• Required work:
An exact copy of every line from the one holding "1.界面简洁清晰,各项功能一目了然,用户可一键进入游戏画质调整模式。" to the end of the entries below is required; leave the pictures out.

• Available data:
★ ★ ★ ★ ★ ★ ★

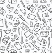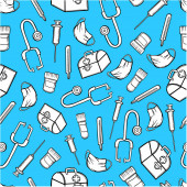 wzór lek lekarz szybko maska antyseptyczna ochrona choroba kontur wektor bezszwowe tło doodle szkic ilustracja
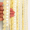 This listing is for a lovely Floral Embroidered Cutwork Trim, Yellow Embroidery, Beaded Floral Trim, Approx. 40mm Wide, Decorative Trim, Crafting Ribbon. This is a very unique fabric trim and a special KnicKnackNook find which you will not find anywhere else.
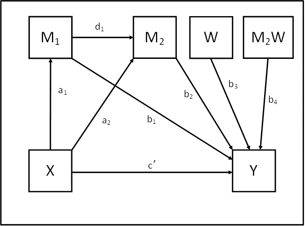 Mplus code for mediation, moderation, and moderated mediation modelsModel 87: 2 or more mediators in series, 1 moderator, moderating the second mediator-DV path Example Variables: 1 predictor X, 2 mediators M1 and M2, 1 moderator W, 1 outcome Y Preliminary notes: The code below assumes that
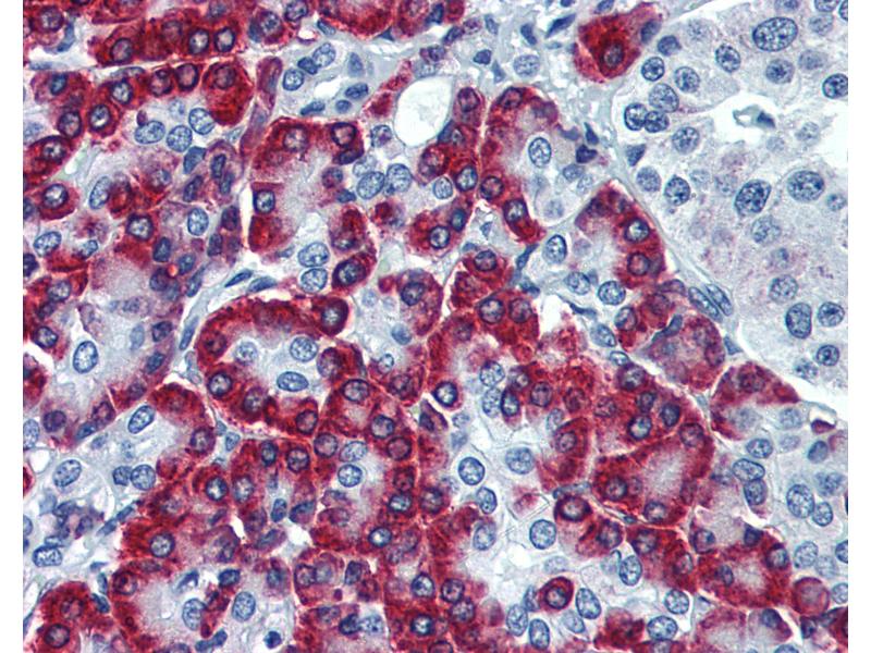 Usage: Immunohistochemistry: Formalin-fixed paraffin-embedded sections. Sandwich ELISA: Recombinant protein. Western Blot using transfected cell lysates, cell line lysates and the recombinant protein used as the immunogen. -
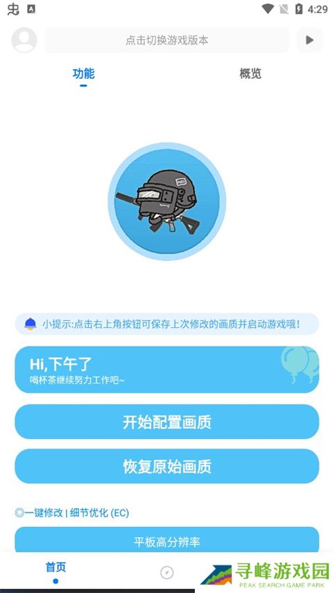 1.界面简洁清晰,各项功能一目了然,用户可一键进入游戏画质调整模式。
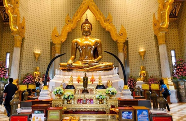 泰国,是东南亚著名的佛国,在这个拥有七千四百万人口的国家中,超过90%的人信仰佛教。无论是王室贵族,还是普通百姓,几乎每个人都虔诚信佛。国内佛寺遍布全国,据说数量超过三万座。首都曼谷更是被誉为佛教之都,佛教文化在这里根深蒂固。而在曼谷的众多寺庙中,有一座金佛寺尤为特别,它供奉着一尊重达5.5吨、高近4米的巨大金佛。它并不仅仅是一个宗教符号,它更是泰国的无价之宝,这尊佛像的金质是黄金而非普通金属,其中佛像的头发和发髻部分,几乎全部是99%纯金,重达45公斤;而下巴到额头的部分纯度为80%,其余部分纯度为40%。整尊佛像的含金量超过60%。
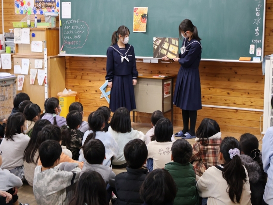 3年生の生徒たちは、この日のために自分たちで絵本を選び、練習を重ねて本番に臨みました。事前練習では、講師の先生に教わった「絵本の持ち方」や「読み方」などを何度も確認。本番では緊張しながらも、小学生に物語を届けようと、一生懸命に読み進める姿が見られました。小学生も、先輩たちの読み聞かせを静かに、熱心に聞いてくれました。終了後、生徒たちからは「緊張したけれど楽しかった」「喜んでもらえてよかった」「しっかり聞いてもらえてうれしかった」といった感想が聞かれ、達成感に溢れた表情が印象的でした。

★ ★ ★ ★ ★ ★ ★

• Task response:
 1.界面简洁清晰,各项功能一目了然,用户可一键进入游戏画质调整模式。
 泰国,是东南亚著名的佛国,在这个拥有七千四百万人口的国家中,超过90%的人信仰佛教。无论是王室贵族,还是普通百姓,几乎每个人都虔诚信佛。国内佛寺遍布全国,据说数量超过三万座。首都曼谷更是被誉为佛教之都,佛教文化在这里根深蒂固。而在曼谷的众多寺庙中,有一座金佛寺尤为特别,它供奉着一尊重达5.5吨、高近4米的巨大金佛。它并不仅仅是一个宗教符号,它更是泰国的无价之宝,这尊佛像的金质是黄金而非普通金属,其中佛像的头发和发髻部分,几乎全部是99%纯金,重达45公斤;而下巴到额头的部分纯度为80%,其余部分纯度为40%。整尊佛像的含金量超过60%。
 3年生の生徒たちは、この日のために自分たちで絵本を選び、練習を重ねて本番に臨みました。事前練習では、講師の先生に教わった「絵本の持ち方」や「読み方」などを何度も確認。本番では緊張しながらも、小学生に物語を届けようと、一生懸命に読み進める姿が見られました。小学生も、先輩たちの読み聞かせを静かに、熱心に聞いてくれました。終了後、生徒たちからは「緊張したけれど楽しかった」「喜んでもらえてよかった」「しっかり聞いてもらえてうれしかった」といった感想が聞かれ、達成感に溢れた表情が印象的でした。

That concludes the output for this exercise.